The last two years, with disappointing opening defeats to rival San Francisco, they've flushed those emotions and posted impressive victories the following week, over Chicago in 2012 and over Washington last year.
A third-straight season-opening loss last week, this one to the defending Super Bowl champion Seahawks, was tough to swallow on many fronts. Inside the walls of Lambeau Field, a ton of work was devoted to that game and it produced sub-par performances on both sides of the ball. Outside, none other than Sports Illustrated's Peter King had just published his prediction the Packers would win the Super Bowl, and the fan base was stoked for validation that never came.
Opening on a Thursday, the Packers had three extra days to process their frustration and shift their focus. It's a psychological task demanded of professionals, regardless of the fan chatter and media banter surrounding them, and the successful ones know how to accomplish it.
"I've been doing this for a while now," seven-year veteran guard Josh Sitton said. "You tend to lose games. It's the National Football League. It happens. I don't get really high or low about anything anymore. It is what it is. It's Week 1.
"We need to be better, but I'm not going to sit around and cry about it. You have 24 hours to celebrate a win and 24 hours to get over a loss. It's done and over with now."
Added cornerback Casey Hayward: "We know what we have to do."
This particular Week-2 game precedes the most important stretch of the season's first half. Next week begins the NFC North gauntlet for the Packers, with three division games in a span of 12 days – at Detroit, at Chicago and then home vs. Minnesota on a Thursday night.
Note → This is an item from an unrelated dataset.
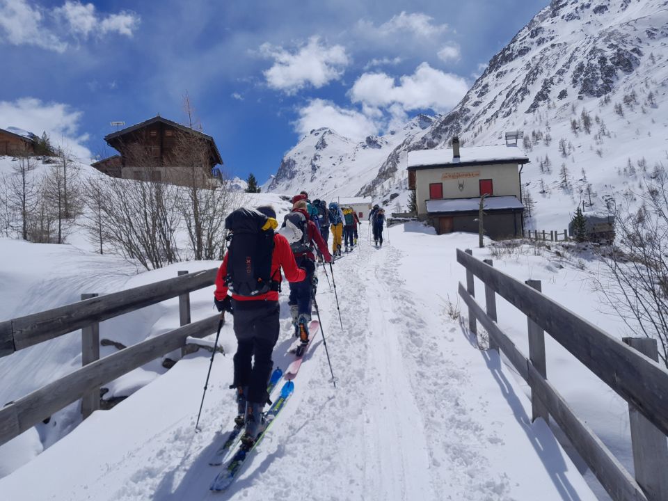 Das Gebiet ist noch bestens eingeschneit, die Tour dürfte noch lange machbar sein. Da es aber auf dem Alphubeljoch sehr kalt, windig und bewölkt war, haben wir uns mit dem Feekopf zufrieden geben müssen. Die Abfahrt über den Mellichgletscher war gut zum Fahren: Oft Pulver, manchmal hart und selten deckelig. Bis Eggstadel (noch) ohne Unterbruch.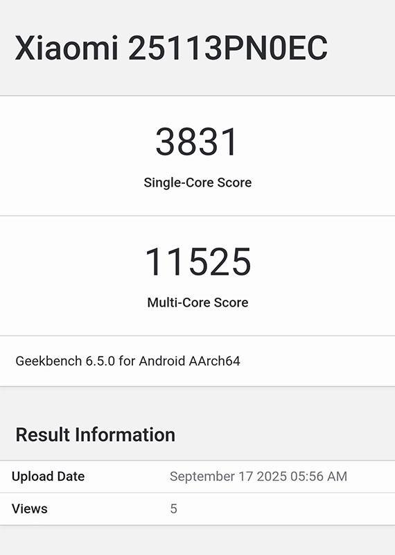 据爆料者透露,一款型号为25113PN0EC的小米手机跑分曝光,这款手机就是小米即将发布的新机小米17 Pro,该机搭载第五代骁龙8至尊版处理器,跑分成绩十分抢眼,单核成绩3831分,多核成绩11525分。

Obviously, the Packers would much rather enter that divisional sequence at 1-1 than a borderline desperate 0-2, a mark they've posted under McCarthy only once, in his first season back in 2006.
"It's a long season. You have time to get your football team in tune," said special teams veteran Jarrett Bush, whose tenure with the team is the same length as McCarthy's. "You can't get too discouraged, and you just keep playing."
Given all that went into Seattle and what lies immediately ahead, McCarthy's mantra of moving on right away may carry more importance now than it ever has.